PROJECT SUMMARY/ABSTRACT
UniProt is one of the foundational resources for understanding the molecular details of the inner life of the cell.
As a hub for knowledge of protein sequence and function, UniProt organizes knowledge from biomedical
literature, integrates datasets with curated knowledge, and serves as an exemplar FAIR and TRUST resource
reused by hundreds of other data resources. The Common Fund (CF) program brings together diverse
collections of valuable biomedical data, yet still needs to be connected with the major data repositories
ecosystem to uncover its full potential for discovery and innovation.
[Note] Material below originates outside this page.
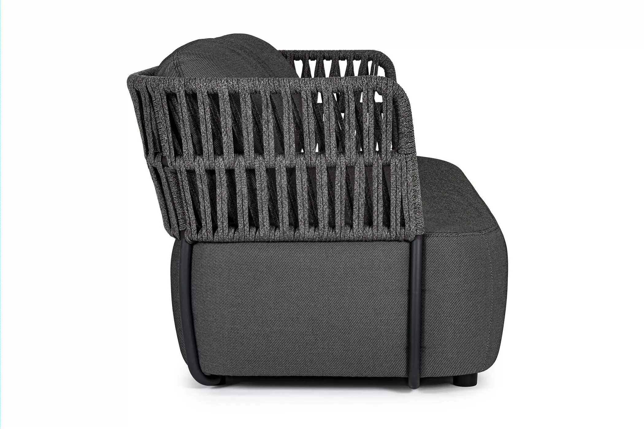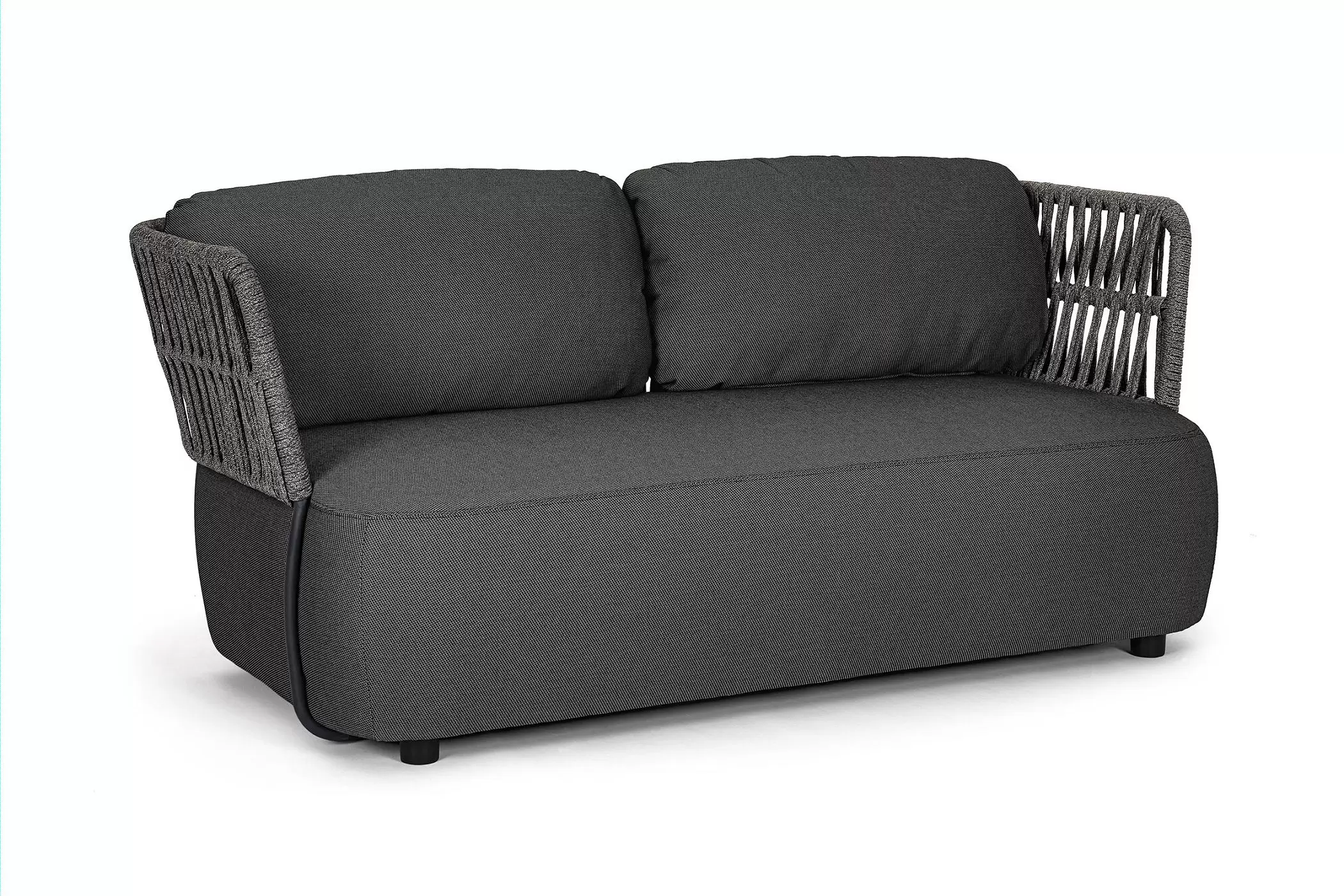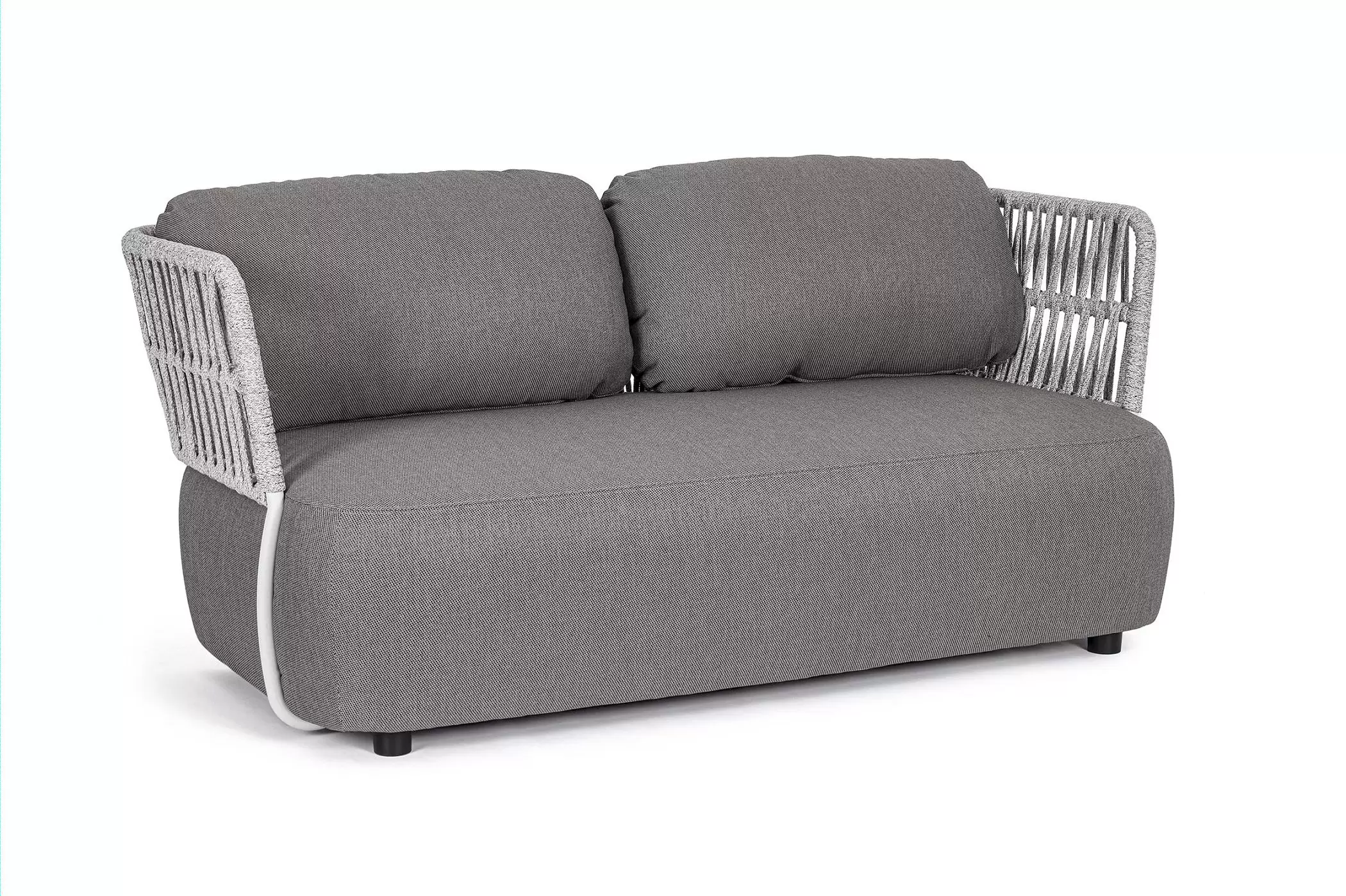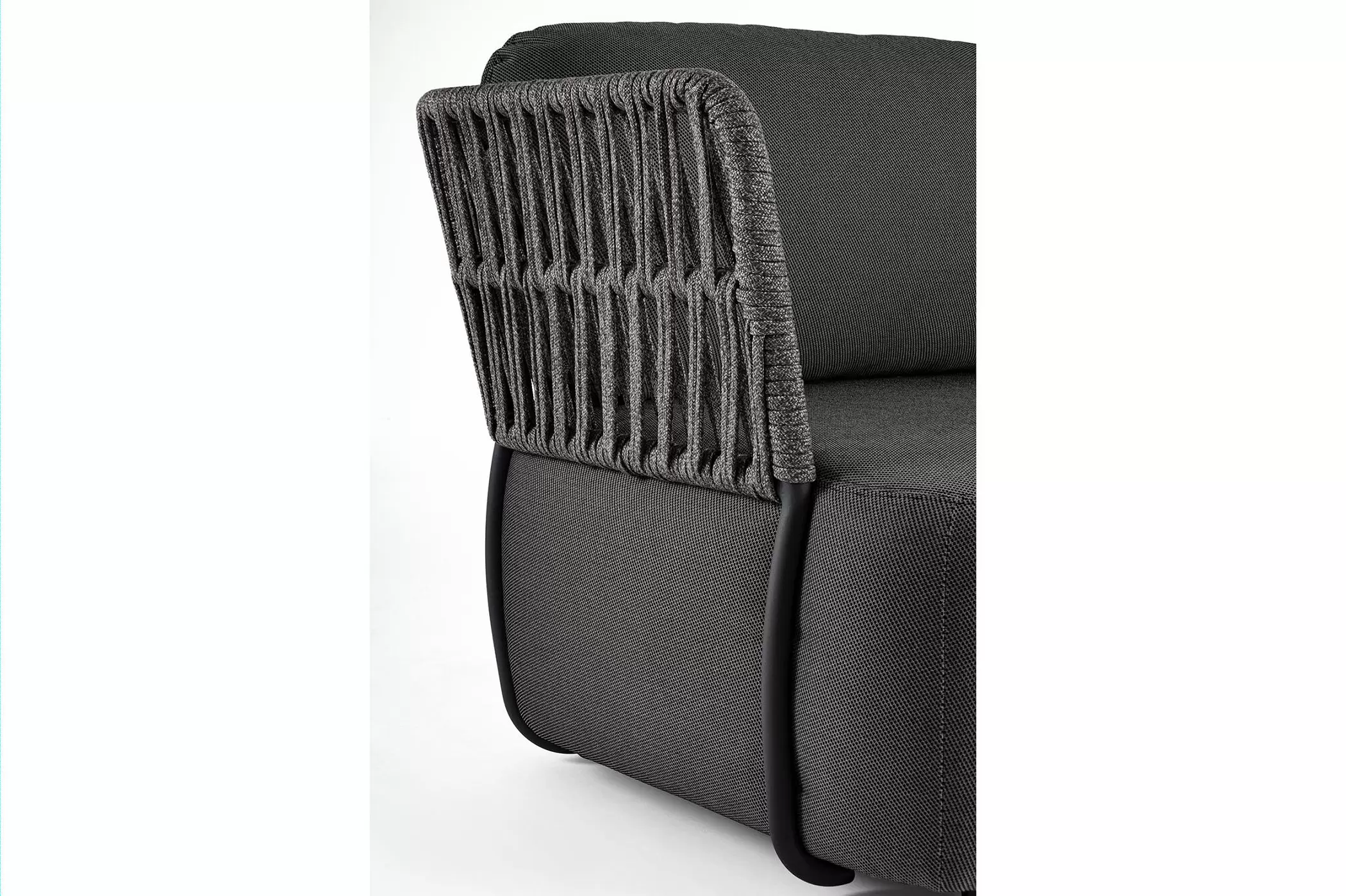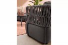 Stylowa sofa ogrodowa o aluminiowej konstrukcji, oplocie z pięknych pasów polipropylenowych i rzucających się w oczy grubych poduszkach.

In this application we will strengthen the
protein-centric connectivity of UniProt to multiple CF Data Coordinating Centers (DCCs) and the Data Resource
Center (DRC) in the Common Fund Data Ecosystem (CFDE), and will collaborate with two CF DCCs, the
Knockout Mouse Phenotyping Program (KOMP2) and the Cell Maps for AI (CM4AI) Project of the Bridge to
Artificial Intelligence (Bridge2AI) Program. The collaboration will support CFDE data integration and reuse, while
building new capabilities to interrogate and understand complex biological systems and cell networks for deeper
understanding of responses to perturbations at the systems level. To foster biomedical discovery through the re-
use of CF data and enable novel scientific research that was not possible before, we will increase the connectivity
and data integration between UniProt and CF datasets. We will create a new form-based mechanism to link with
CF data resources, starting with several already identified for targeted integration. We will extend the UniProt
mapping service, allowing researchers to identify data of interest through protein-centric search and promote
interoperability at the protein level across the CF ecosystem. We will develop new tools, APIs and workflows
with easy access and navigation for researchers to interrogate and understand complex biological systems and
cell networks. It will allow seamless bidirectional navigation of data from whole subcellular systems to functional
pathways and interacting proteins and vice versa. We will hold annual workshops to broaden collaborations with
the CFDE and engagement with the research community. We will incorporate user feedback throughout the tool
development lifecycle and implement an integration plan with the CFDE for dissemination and long-term
sustainability. We aim to understand systems-level responses to perturbations through genotype-phenotype
mapping and metabolic and signaling network discovery. We will integrate relevant datasets, tools, and literature
and extend our knowledge graph learning algorithm for link prediction in a drug discovery use case. We will build
customized knowledge graphs with various use scenarios, incorporating scientific questions from the
demonstration project and user engagement. This UniProt-CF partnership will support functional genomics
towards fundamental biological systems understanding and the development of new diagnostics and therapies.